Go to the line that contains "Por otro lado, la" in the listing below, then output it and every line after it exactly, omitting pictures.

--- Recorded information Enclosed Below ---

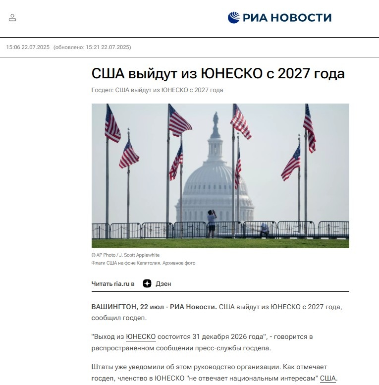 Возможно, настоящая проблема — не в ЮНЕСКО, а в неспособности США адаптироваться к многополярному миру. Время, когда США могли диктовать правила международным организациям, прошло. Сегодня приходится конкурировать за влияние с Китаем и Россией, которые играют по другим правилам и имеют другие ресурсы.
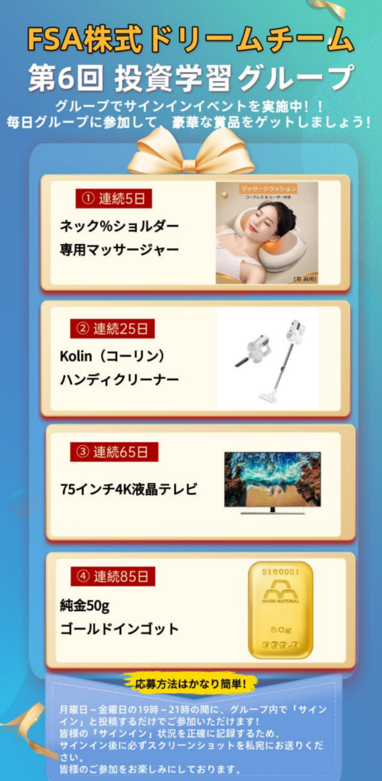 月曜~金曜の19時~21時の間に「投資学習グループ」に「サインイン」と送信するだけで、豪華賞品を贈呈します。
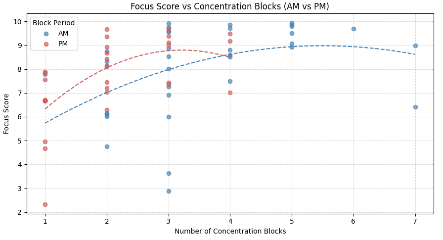 Por otro lado, la línea de tendencia muestra que, a partir de cierto número de bloques de concentración, el focus score comienza a decrecer, lo que indica que un bloque de trabajo fragmentado puede ser más efectivo, pero solo hasta cierto punto.
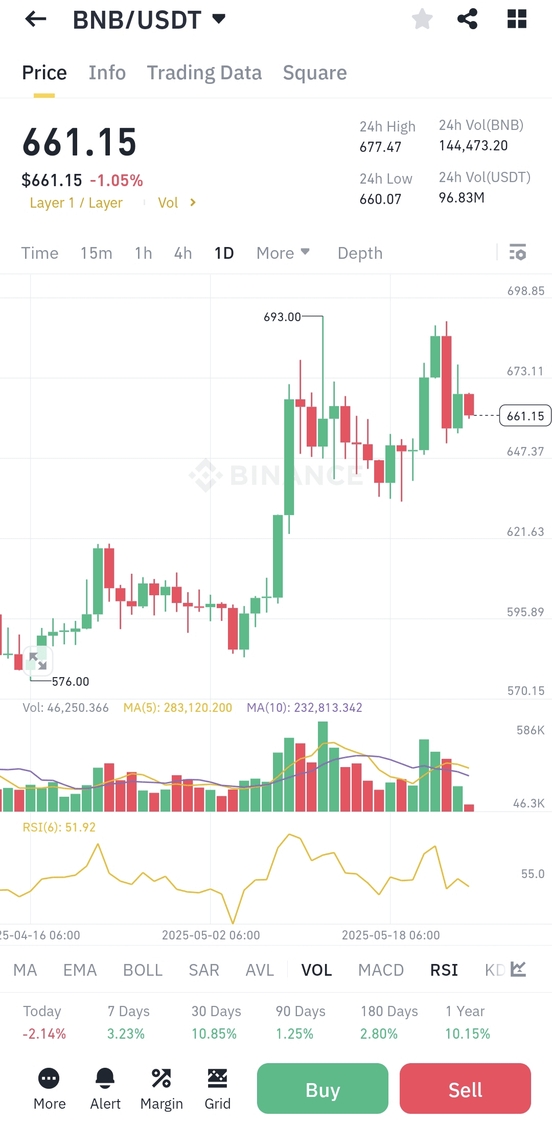 A partire dal 25 maggio 2025, Binance Coin (BNB) viene scambiato a circa $661,20.

--- End of Enclosed Recorded information ---

_Your response_
 Por otro lado, la línea de tendencia muestra que, a partir de cierto número de bloques de concentración, el focus score comienza a decrecer, lo que indica que un bloque de trabajo fragmentado puede ser más efectivo, pero solo hasta cierto punto.
 A partire dal 25 maggio 2025, Binance Coin (BNB) viene scambiato a circa $661,20.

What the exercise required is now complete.